I’ve included this to prove that I actually did the 500 steps! haha, it was way harder than I thought.
also, in the last video I mentioned how it’s exactly one month to RACE DAY. Training has been going well, but it’s all becoming very real- meaning I’m getting nervous…
My favourite show The Biggest Loser premiered this past Tuesday. In order to win a place onto the show the 3 contestants from each site were challenged to 500 steps or a 1 mile race. At first I thought the steps would be way easier, but after doing the 500 steps tonight I’m not so sure anymore. I’m not even close to 300 pounds like many of these people and it was so tiring! My legs were burning by step 100!
While Bob and Jillian encourage the Biggest Loser contestants, I’ll find encouragement through their amazing progress!
The Terry Fox run has meant more to me this year than ever before. Firstly, I participated (thanks Poot!) and secondly, I was exposed to Steve Nash’s espn documentary “Into the Wind.”
As a child, the Terry Fox run was a great excuse to get out of class. This is in no disrespect to the foundation- we were taught what it was all about, but the impact only hit me this year. I wrote an article about Terry Fox and Nash’s TIFF premiere. I did my research and Terry really was a hero.
I think it was Buzz Lightyear who said the famous words “never give up, never surrender!” Buzz was decades after the Canadian icon, but those words come to mind when I think about Terry’s strength and determination during his Marathon of Hope.
Terry had already lost his leg to cancer, but was motivated when he learned that a few years earlier science wouldn’t have had the technology to do save him. His interest in cancer research grew. He met with children suffering with cancer and was moved to action.

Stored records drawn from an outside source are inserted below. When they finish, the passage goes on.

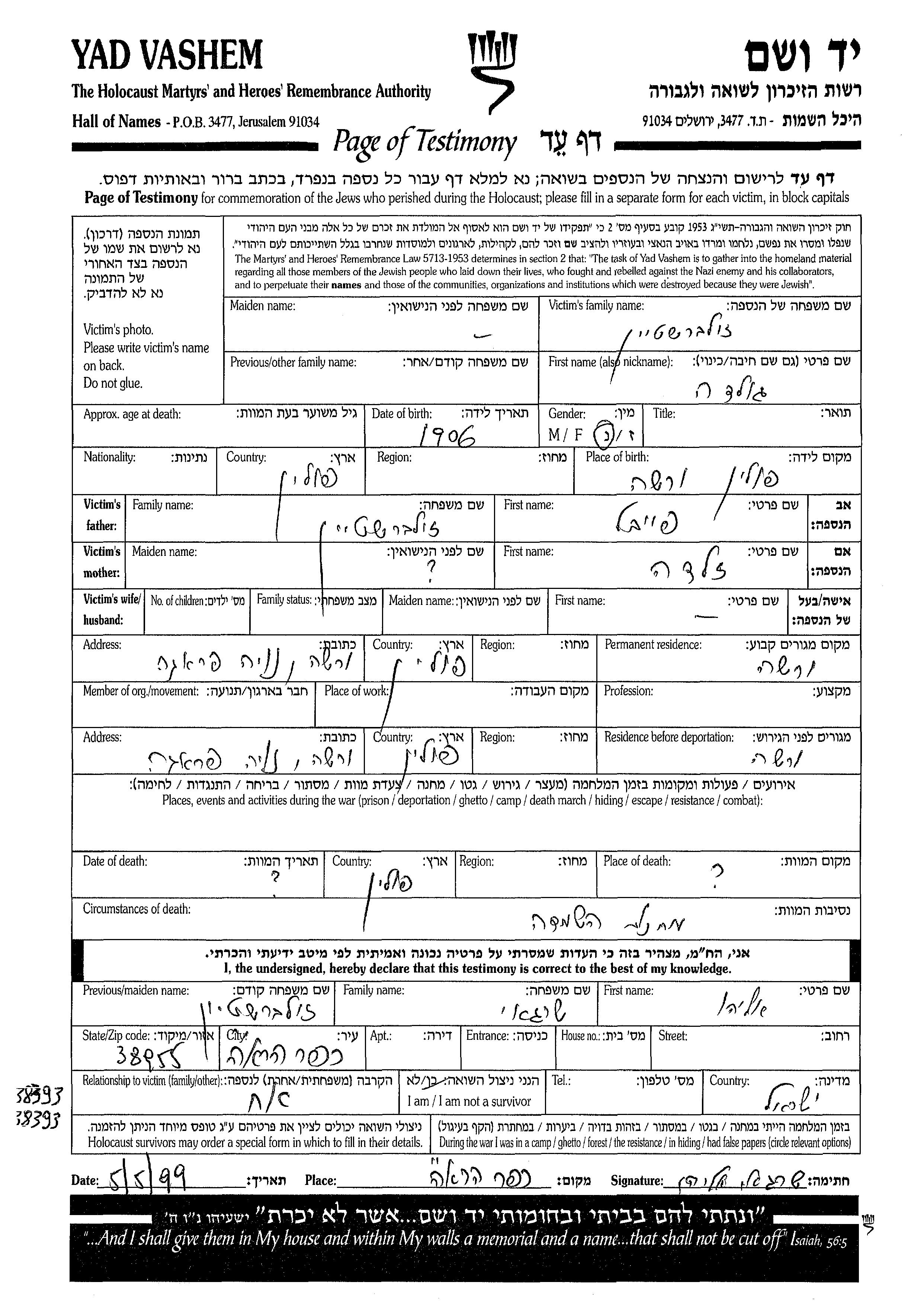 Yad Vashem - Pages of Testimony Names Memorial Collection
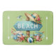 A Beautiful Tropical Bathmat Of Sea Shells and Palms In Pastel Colors Teal, White And Green Perfect For The Beach Or Lake House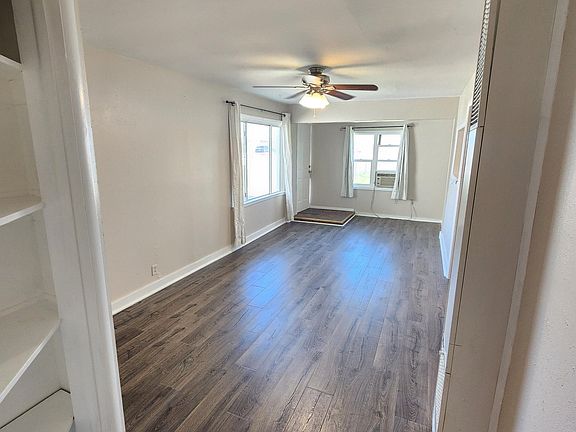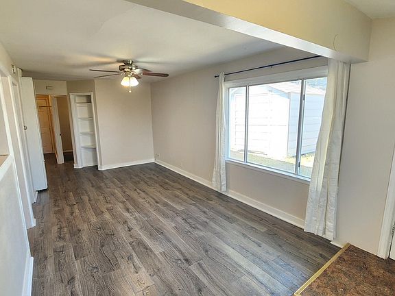 Don't let the small size fool you, this house has so much to offer and MOVE-IN READY. The house features a large living room with window a/c, updated kitchen with a eat-in area for a small table, oak cabinets, stove, dishwasher and refrigerator, plus 2 bedrooms, an updated full bath, and a laundry area with door leading to the back door. Interior and exterior are FRESHLY painted. Outside has a cement patio with a full chain-link fenced area, room for a garden and a large shed. METAL ROOF. Property is located across from the High School. There is a older solar panel on the back of the house. There is a fan in the attic with a cord that can be pulled down from the bathroom covered vent and plugged in for additional heat that blows through that vent and into the living room; condition unknown and hasn't been used for several year. Solar heat system is sold as-is with no guarantee, no warranty.

To this day the Terry Fox Foundation has raised hundreds of millions of dollars towards cancer research.
One of my best friends Shane is back in town. She just finished her masters at St. Andrews in Scotland. Yes, smart lady.
We caught up and went for a run in her area. Thanks to my trusty Nike+ shoes and ipod, it mapped out to be about 5.06k run there and 5k walk back.
I was reading somewhere that 30k a week is good training… so these few days of shorter distances are actually doing me well.